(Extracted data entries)
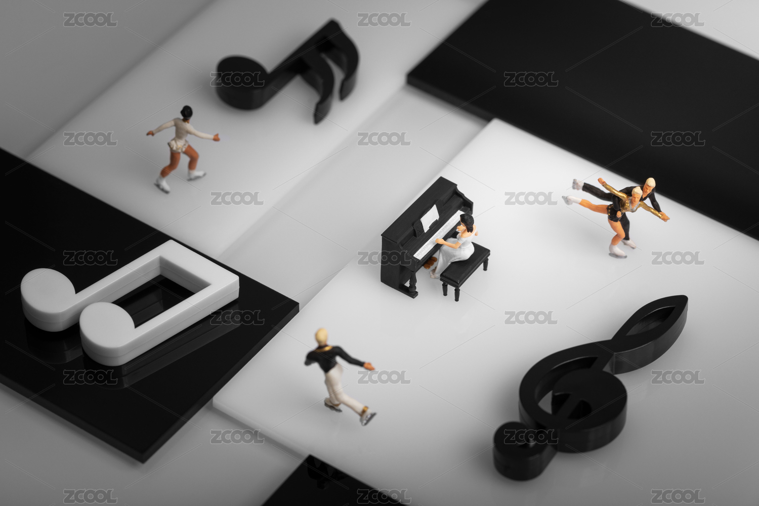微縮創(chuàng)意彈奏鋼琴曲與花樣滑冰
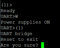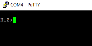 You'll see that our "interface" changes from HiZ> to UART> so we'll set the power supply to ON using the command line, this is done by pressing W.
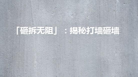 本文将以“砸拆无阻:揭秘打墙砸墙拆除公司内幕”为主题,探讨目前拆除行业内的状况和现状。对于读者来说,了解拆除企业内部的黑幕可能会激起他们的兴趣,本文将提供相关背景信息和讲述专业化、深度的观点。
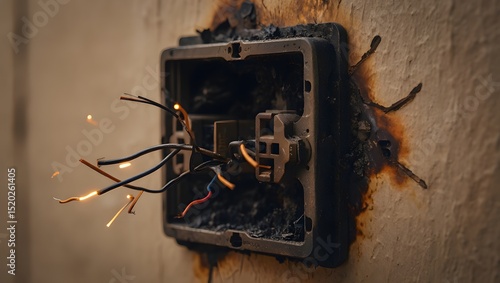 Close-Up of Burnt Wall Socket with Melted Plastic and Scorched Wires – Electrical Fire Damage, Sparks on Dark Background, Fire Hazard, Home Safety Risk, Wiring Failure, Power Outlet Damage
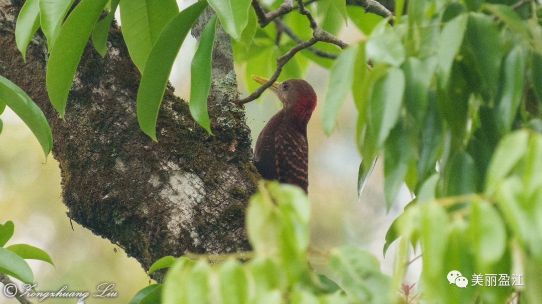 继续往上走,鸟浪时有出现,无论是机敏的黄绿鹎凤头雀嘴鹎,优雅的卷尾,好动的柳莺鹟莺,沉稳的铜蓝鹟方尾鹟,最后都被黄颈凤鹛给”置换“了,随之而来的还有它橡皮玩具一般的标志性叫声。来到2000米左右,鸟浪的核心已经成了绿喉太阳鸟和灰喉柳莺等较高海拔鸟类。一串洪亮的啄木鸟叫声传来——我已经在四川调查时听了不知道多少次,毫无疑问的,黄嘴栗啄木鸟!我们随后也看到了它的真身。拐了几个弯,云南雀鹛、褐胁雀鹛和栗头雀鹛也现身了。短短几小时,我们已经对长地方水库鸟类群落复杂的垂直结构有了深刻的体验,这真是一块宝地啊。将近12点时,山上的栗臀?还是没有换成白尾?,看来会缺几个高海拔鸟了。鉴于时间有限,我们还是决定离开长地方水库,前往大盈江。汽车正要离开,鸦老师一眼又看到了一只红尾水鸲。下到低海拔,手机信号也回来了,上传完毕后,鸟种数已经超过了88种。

--

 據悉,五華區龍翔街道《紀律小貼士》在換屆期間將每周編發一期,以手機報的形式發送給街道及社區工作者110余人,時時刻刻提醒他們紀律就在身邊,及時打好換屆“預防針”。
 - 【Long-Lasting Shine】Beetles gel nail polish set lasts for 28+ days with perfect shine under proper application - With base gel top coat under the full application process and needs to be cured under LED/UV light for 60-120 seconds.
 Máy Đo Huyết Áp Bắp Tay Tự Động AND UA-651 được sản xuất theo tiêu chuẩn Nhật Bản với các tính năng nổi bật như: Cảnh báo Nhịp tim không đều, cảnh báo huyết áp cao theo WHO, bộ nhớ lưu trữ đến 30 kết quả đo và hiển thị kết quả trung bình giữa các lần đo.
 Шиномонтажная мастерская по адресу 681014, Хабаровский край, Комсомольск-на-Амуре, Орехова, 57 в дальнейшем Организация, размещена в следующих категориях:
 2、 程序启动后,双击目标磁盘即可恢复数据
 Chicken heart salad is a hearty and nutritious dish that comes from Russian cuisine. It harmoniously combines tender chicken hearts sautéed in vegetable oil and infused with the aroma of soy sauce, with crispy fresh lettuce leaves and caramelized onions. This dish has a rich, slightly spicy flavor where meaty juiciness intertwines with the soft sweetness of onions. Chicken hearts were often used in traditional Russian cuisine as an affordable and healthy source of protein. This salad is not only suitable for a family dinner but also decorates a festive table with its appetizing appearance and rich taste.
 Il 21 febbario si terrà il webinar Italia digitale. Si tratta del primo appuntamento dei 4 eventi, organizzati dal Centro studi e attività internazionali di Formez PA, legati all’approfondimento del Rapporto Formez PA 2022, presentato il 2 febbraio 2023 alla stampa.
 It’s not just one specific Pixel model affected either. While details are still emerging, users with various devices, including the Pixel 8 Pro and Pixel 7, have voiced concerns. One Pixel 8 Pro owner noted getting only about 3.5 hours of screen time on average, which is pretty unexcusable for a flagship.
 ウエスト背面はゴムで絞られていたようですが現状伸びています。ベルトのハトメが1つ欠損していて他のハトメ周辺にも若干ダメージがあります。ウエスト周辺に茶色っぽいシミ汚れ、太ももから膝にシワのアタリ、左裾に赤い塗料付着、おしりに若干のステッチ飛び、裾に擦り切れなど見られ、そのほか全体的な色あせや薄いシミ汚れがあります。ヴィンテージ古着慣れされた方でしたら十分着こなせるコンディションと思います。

_GOAL OF THE EXERCISE:_
Set down exactly the lines above, from the line containing "微縮創(chuàng)意彈奏鋼琴曲與花樣滑冰" through the line containing "继续往上走,鸟浪时有出现,无". Skip the pictures.

_YOUR RESPONSE:_
微縮創(chuàng)意彈奏鋼琴曲與花樣滑冰
 You'll see that our "interface" changes from HiZ> to UART> so we'll set the power supply to ON using the command line, this is done by pressing W.
 本文将以“砸拆无阻:揭秘打墙砸墙拆除公司内幕”为主题,探讨目前拆除行业内的状况和现状。对于读者来说,了解拆除企业内部的黑幕可能会激起他们的兴趣,本文将提供相关背景信息和讲述专业化、深度的观点。
 Close-Up of Burnt Wall Socket with Melted Plastic and Scorched Wires – Electrical Fire Damage, Sparks on Dark Background, Fire Hazard, Home Safety Risk, Wiring Failure, Power Outlet Damage
 继续往上走,鸟浪时有出现,无论是机敏的黄绿鹎凤头雀嘴鹎,优雅的卷尾,好动的柳莺鹟莺,沉稳的铜蓝鹟方尾鹟,最后都被黄颈凤鹛给”置换“了,随之而来的还有它橡皮玩具一般的标志性叫声。来到2000米左右,鸟浪的核心已经成了绿喉太阳鸟和灰喉柳莺等较高海拔鸟类。一串洪亮的啄木鸟叫声传来——我已经在四川调查时听了不知道多少次,毫无疑问的,黄嘴栗啄木鸟!我们随后也看到了它的真身。拐了几个弯,云南雀鹛、褐胁雀鹛和栗头雀鹛也现身了。短短几小时,我们已经对长地方水库鸟类群落复杂的垂直结构有了深刻的体验,这真是一块宝地啊。将近12点时,山上的栗臀?还是没有换成白尾?,看来会缺几个高海拔鸟了。鉴于时间有限,我们还是决定离开长地方水库,前往大盈江。汽车正要离开,鸦老师一眼又看到了一只红尾水鸲。下到低海拔,手机信号也回来了,上传完毕后,鸟种数已经超过了88种。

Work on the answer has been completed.